• WHAT YOU HAVE TO DO: Once you find the line with "最早笑ってしまったのがコレ。" in the entries below, print it and each line after it up to and including the line with "食用油類商品價格微幅盤整。上", exactly, without pictures.

• SUPPLIED RECORDS:
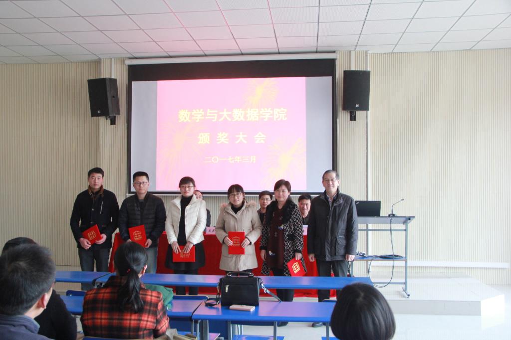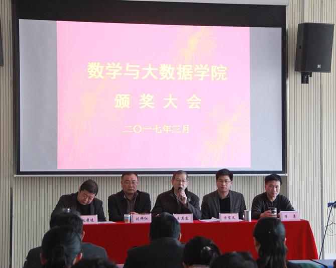 3月4日下午三点,数学与大数据学院在学院报告厅召开全体教职工大会暨颁奖大会。校长王其东、教务处副处长刘群红应邀出席大会,院领导与全体教职工参加大会,会议由院党委副书记(主持工作)赵前进主持。
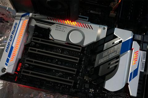 最早笑ってしまったのがコレ。このマザーM.2のカバーがデザイン上の特徴でパッケージでもそこをアップにするくらいアピールしているし発光ポイントの1つ。
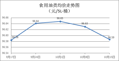 食用油類商品價格微幅盤整。上周所監(jiān)測的9種食用油(5L裝)商品價格波動情況為5漲1跌3平,綜合零售均價為96.59元/桶,環(huán)比下降0.04%。其中:胡姬花花生油、大豆油零售均價分別為每桶146.25元、60.59元,環(huán)比分別下降0.85%、上漲0.10%。
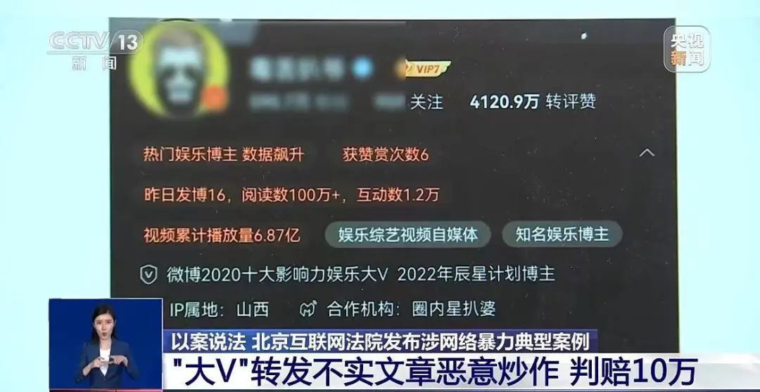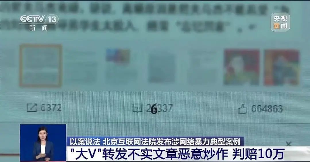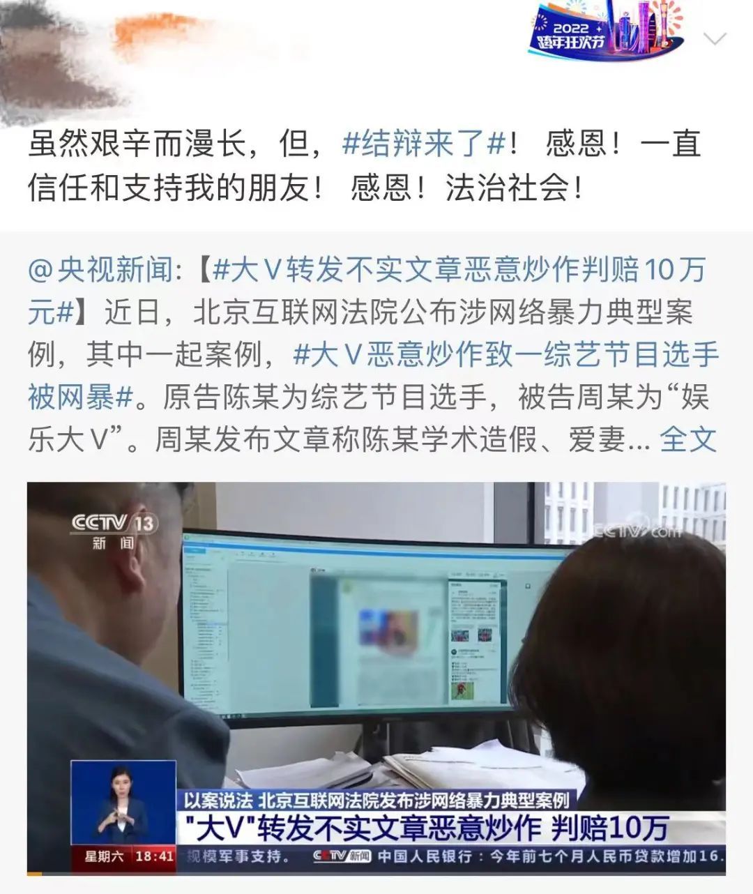 据央视新闻报道,近日,北京互联网法院公布了一起涉网络暴力典型案例。原告陈某为综艺节目选手,被告周某为“娱乐大V”。周某发布文章称陈某学术造假、爱妻人设破灭等,一度登上热搜。
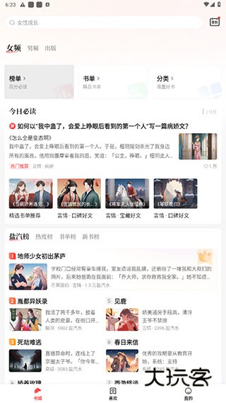 1、下载进入软件就能看到排版简洁清晰的主界面,主题可以选择男频、女频或是已出版的书籍,用户可按自己喜好选择
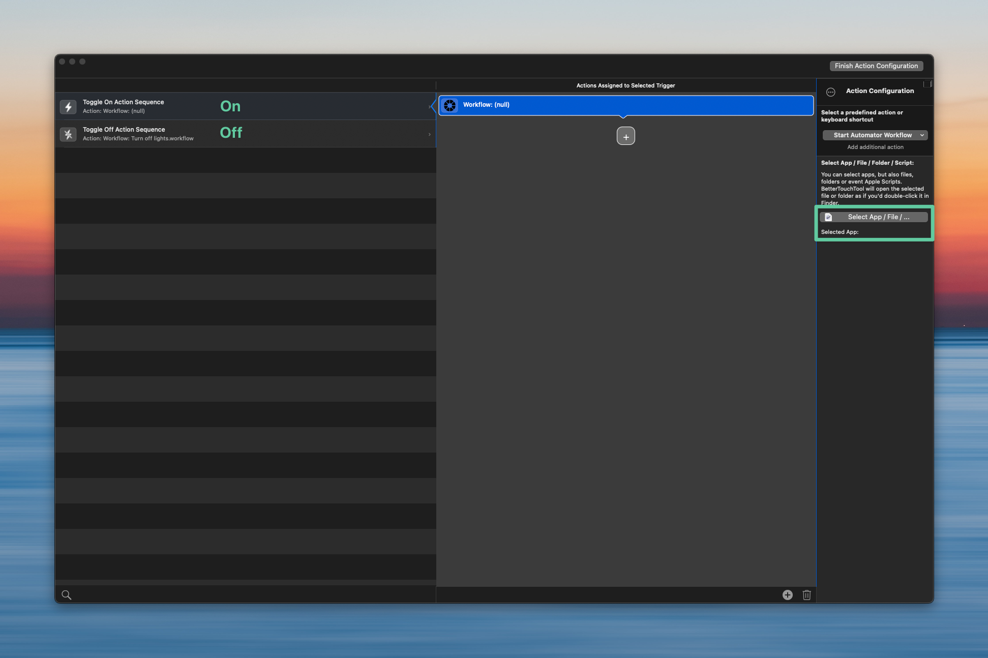 Step 3: Click Configure in the right pane to add your Quick Action workflow to manage the ON and OFF toggle.

• REPLY TO THE TASK:
 最早笑ってしまったのがコレ。このマザーM.2のカバーがデザイン上の特徴でパッケージでもそこをアップにするくらいアピールしているし発光ポイントの1つ。
 食用油類商品價格微幅盤整。上周所監(jiān)測的9種食用油(5L裝)商品價格波動情況為5漲1跌3平,綜合零售均價為96.59元/桶,環(huán)比下降0.04%。其中:胡姬花花生油、大豆油零售均價分別為每桶146.25元、60.59元,環(huán)比分別下降0.85%、上漲0.10%。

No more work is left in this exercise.